■ **What the task asks**: Pictures stay out. Extract the lines below from the first one through the line with "Artisan Crafted Cotton", both included.

■ **Supplied material**:

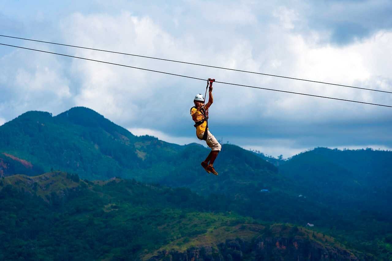 Experience zip-lining at Flying Ravana Adventure Park
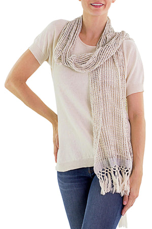 Artisan Crafted Cotton Shawl in Stone from India - Graceful Glam in Stone
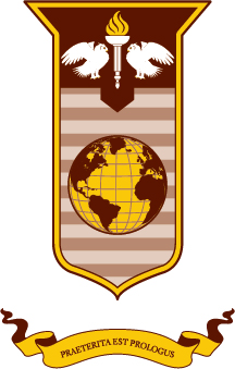 The elements that distinguish the School of Earth & Environment crest begin with the solid brown field at the top of the shield that descends into the shape of a spade, a basic tool of discovery in earth sciences. The striped field symbolizes the earth’s strata, each layer offering insight on the planet’s past, present and future. The globe illustration is situated on the crest to show the eastern U.S., where the world’s first nearly complete skeleton was found, as well as Argentina and Egypt, the sites of major dinosaur discoveries. The School’s motto, “Praeterita est prologus,” is drawn from Shakespeare, commentary applicable to all of life and this planet’s place in the universe: “What’s past is prologue.”

■ **Completed exercise**:
 Experience zip-lining at Flying Ravana Adventure Park
 Artisan Crafted Cotton Shawl in Stone from India - Graceful Glam in Stone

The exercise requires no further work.